__DIRECTIONS FOR THIS TASK__
Check each line of the entries for "with" and report the ones that have it.

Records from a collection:
◇ ◇ ◇ ◇
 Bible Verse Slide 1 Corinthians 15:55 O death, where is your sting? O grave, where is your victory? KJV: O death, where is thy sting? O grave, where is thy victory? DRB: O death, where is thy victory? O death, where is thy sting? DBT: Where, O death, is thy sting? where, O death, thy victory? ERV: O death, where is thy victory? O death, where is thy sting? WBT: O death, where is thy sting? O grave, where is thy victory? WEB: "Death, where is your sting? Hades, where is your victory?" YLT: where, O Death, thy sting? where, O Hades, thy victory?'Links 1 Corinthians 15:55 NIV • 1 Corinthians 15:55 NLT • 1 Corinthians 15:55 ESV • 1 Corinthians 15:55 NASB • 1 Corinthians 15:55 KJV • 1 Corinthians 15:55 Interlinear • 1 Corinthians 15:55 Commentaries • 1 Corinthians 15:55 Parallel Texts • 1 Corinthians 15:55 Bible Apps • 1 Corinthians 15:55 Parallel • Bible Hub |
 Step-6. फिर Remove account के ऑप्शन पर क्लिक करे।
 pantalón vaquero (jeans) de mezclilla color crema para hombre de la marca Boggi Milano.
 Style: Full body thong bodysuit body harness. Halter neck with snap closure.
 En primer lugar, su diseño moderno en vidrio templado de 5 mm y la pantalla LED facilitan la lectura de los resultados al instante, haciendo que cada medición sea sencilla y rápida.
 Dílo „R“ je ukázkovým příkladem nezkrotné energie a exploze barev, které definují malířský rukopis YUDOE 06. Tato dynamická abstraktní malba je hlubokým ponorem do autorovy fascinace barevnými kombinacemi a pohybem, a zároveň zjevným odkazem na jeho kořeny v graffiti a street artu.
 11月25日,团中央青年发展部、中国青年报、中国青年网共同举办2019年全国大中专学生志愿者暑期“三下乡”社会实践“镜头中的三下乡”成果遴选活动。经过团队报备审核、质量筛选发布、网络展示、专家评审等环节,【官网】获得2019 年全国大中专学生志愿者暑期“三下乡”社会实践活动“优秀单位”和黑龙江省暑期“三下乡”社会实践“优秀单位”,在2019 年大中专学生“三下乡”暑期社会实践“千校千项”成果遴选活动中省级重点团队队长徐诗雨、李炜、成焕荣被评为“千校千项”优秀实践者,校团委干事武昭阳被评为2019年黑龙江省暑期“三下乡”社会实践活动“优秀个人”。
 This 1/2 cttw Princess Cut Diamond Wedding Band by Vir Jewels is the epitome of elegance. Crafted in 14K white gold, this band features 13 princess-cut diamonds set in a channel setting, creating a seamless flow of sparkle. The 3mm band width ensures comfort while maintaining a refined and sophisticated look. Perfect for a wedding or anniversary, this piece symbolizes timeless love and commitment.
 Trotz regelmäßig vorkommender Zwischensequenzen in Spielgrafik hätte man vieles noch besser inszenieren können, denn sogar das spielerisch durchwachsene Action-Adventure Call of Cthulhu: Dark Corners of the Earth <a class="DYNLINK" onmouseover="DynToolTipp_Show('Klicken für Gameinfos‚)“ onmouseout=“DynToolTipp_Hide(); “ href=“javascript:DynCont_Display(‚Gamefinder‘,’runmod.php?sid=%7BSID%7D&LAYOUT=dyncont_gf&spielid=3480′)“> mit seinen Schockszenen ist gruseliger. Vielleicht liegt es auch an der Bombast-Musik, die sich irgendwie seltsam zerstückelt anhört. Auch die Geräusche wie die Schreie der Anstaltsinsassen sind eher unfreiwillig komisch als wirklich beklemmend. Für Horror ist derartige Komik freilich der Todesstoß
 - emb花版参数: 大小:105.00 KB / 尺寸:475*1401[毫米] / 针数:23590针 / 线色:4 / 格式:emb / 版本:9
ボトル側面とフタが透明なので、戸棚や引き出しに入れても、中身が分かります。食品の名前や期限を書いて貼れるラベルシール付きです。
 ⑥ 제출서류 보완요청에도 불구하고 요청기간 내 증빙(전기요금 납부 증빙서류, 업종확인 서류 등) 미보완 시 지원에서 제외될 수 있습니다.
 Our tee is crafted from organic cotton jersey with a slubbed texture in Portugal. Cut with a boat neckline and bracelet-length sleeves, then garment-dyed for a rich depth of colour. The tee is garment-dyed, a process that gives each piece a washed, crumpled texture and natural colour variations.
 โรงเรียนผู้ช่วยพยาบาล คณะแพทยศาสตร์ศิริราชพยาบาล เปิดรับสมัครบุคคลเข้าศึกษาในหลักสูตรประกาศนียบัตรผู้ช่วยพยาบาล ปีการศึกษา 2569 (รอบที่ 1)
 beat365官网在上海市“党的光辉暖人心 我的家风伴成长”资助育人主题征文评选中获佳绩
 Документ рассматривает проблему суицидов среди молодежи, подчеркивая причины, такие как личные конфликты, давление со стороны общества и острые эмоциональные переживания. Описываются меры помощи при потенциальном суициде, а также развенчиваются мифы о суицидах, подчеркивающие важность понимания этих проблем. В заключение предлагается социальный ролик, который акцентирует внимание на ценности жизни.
◇ ◇ ◇ ◇
__WRITTEN REPLY__
 Style: Full body thong bodysuit body harness. Halter neck with snap closure.
 Our tee is crafted from organic cotton jersey with a slubbed texture in Portugal. Cut with a boat neckline and bracelet-length sleeves, then garment-dyed for a rich depth of colour. The tee is garment-dyed, a process that gives each piece a washed, crumpled texture and natural colour variations.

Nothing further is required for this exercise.